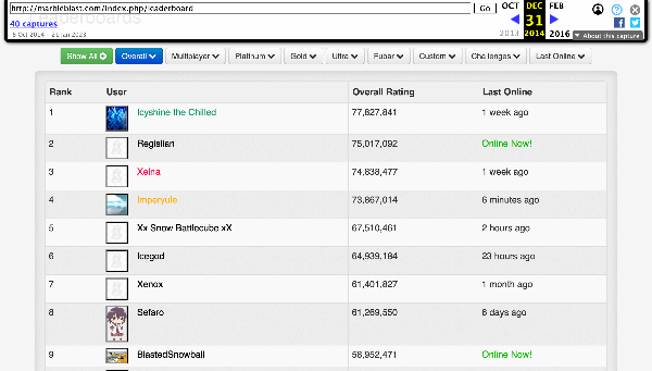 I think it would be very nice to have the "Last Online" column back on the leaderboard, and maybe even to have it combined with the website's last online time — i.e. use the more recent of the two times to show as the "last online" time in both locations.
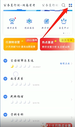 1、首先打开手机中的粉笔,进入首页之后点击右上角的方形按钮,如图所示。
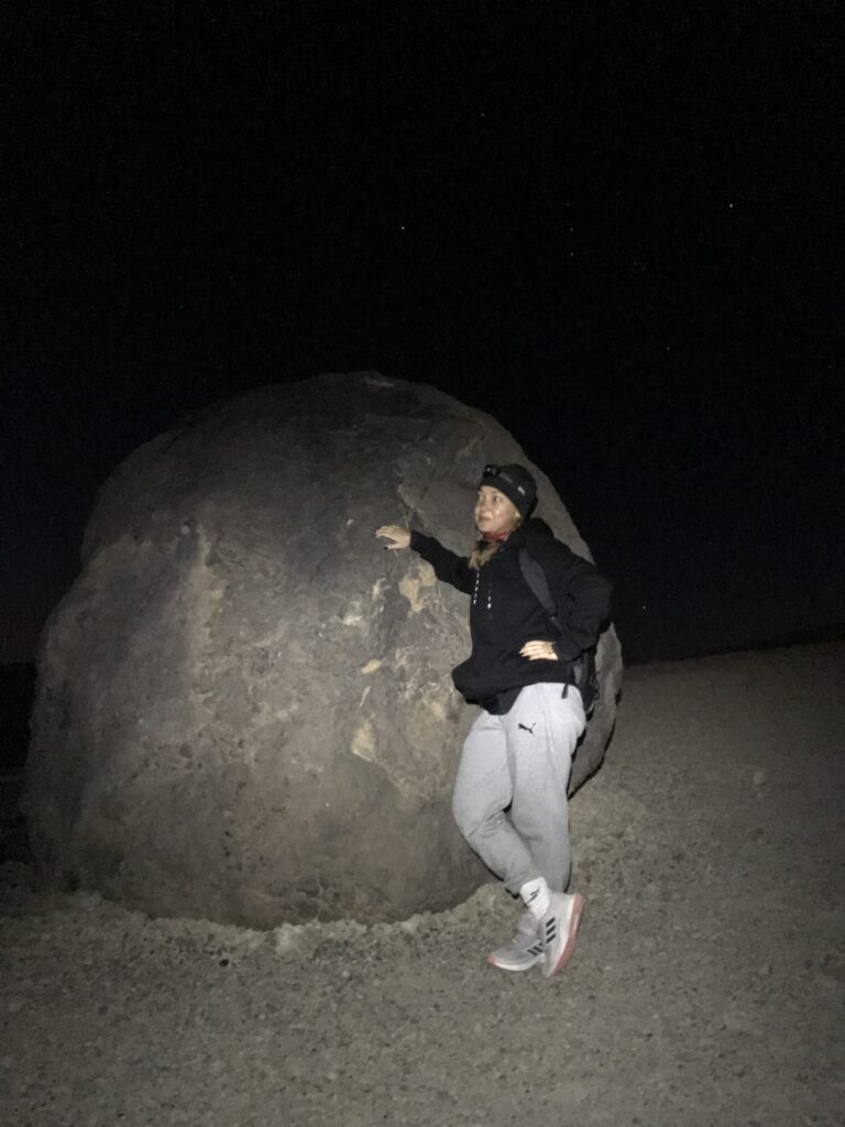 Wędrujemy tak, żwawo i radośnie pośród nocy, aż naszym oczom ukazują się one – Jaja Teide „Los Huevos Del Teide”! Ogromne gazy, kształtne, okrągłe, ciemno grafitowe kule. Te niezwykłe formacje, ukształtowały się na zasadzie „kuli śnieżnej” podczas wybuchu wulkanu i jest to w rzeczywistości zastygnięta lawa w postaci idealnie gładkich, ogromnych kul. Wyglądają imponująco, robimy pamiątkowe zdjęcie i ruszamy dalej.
:::::
Task to carry out: Beginning with the line where "1、首先打开手机中的粉笔,进入首页之后点击右上角的方形按钮,如图所示。" appears, restate word for word every line down to the last one in the data, but keep the pictures out.

Expected answer:
 1、首先打开手机中的粉笔,进入首页之后点击右上角的方形按钮,如图所示。
 Wędrujemy tak, żwawo i radośnie pośród nocy, aż naszym oczom ukazują się one – Jaja Teide „Los Huevos Del Teide”! Ogromne gazy, kształtne, okrągłe, ciemno grafitowe kule. Te niezwykłe formacje, ukształtowały się na zasadzie „kuli śnieżnej” podczas wybuchu wulkanu i jest to w rzeczywistości zastygnięta lawa w postaci idealnie gładkich, ogromnych kul. Wyglądają imponująco, robimy pamiątkowe zdjęcie i ruszamy dalej.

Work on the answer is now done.